# Holiday Eating Tips For The Sane



## David Baxter PhD (Dec 25, 2008)

*Holiday Eating Tips For The Sane*

1. About those carrot sticks. Avoid them. Anyone who puts carrots on a holiday buffet table knows nothing of the Christmas spirit. In fact, if you see carrots, leave immediately. Go next door, where they're serving rum balls. 

2. Drink as much eggnog as you can. And quickly. Like fine single-malt scotch, it's rare. In fact, it's even rarer than single-malt scotch. You can't find it any other time of year but now. So drink up! Who cares that it has 10,000 calories in every sip? It's not as if you're going to turn into an eggnogaholic or something. It's a treat. Enjoy it. Have one for me. Have two. It's later than you think. It's Christmas! 
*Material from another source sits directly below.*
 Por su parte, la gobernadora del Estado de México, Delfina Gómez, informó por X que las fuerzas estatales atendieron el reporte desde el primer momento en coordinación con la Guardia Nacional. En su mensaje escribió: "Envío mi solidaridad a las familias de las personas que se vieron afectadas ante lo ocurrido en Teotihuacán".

3. If something comes with gravy, use it. That's the whole point of gravy. Gravy does not stand alone. Pour it on. Make a volcano out of your mashed potatoes. Fill it with gravy. Eat the volcano. Repeat. 

4. As for mashed potatoes, always ask if they're made with skim milk or whole milk. If it's skim, pass. Why bother? It's like buying a sports car with an automatic transmission. 

5. Do not have a snack before going to a party in an effort to control your eating. The whole point of going to a Christmas party is to eat other people's food for free. Lots of it. Hello? Remember college? 

6. Under no circumstances should you exercise between now and New Year's. You can do that in January when you have nothing else to do. This is the time for long naps, which you'll need after circling the buffet table while carrying a 10-pound plate of food and that vat of eggnog. 

7. If you come across something really good at a buffet table, like frosted Christmas cookies in the shape and size of Santa, position yourself near them and don't budge. Have as many as you can before becoming the center of attention. They're like a beautiful pair of shoes. You can't leave them behind. You're not going to see them again. 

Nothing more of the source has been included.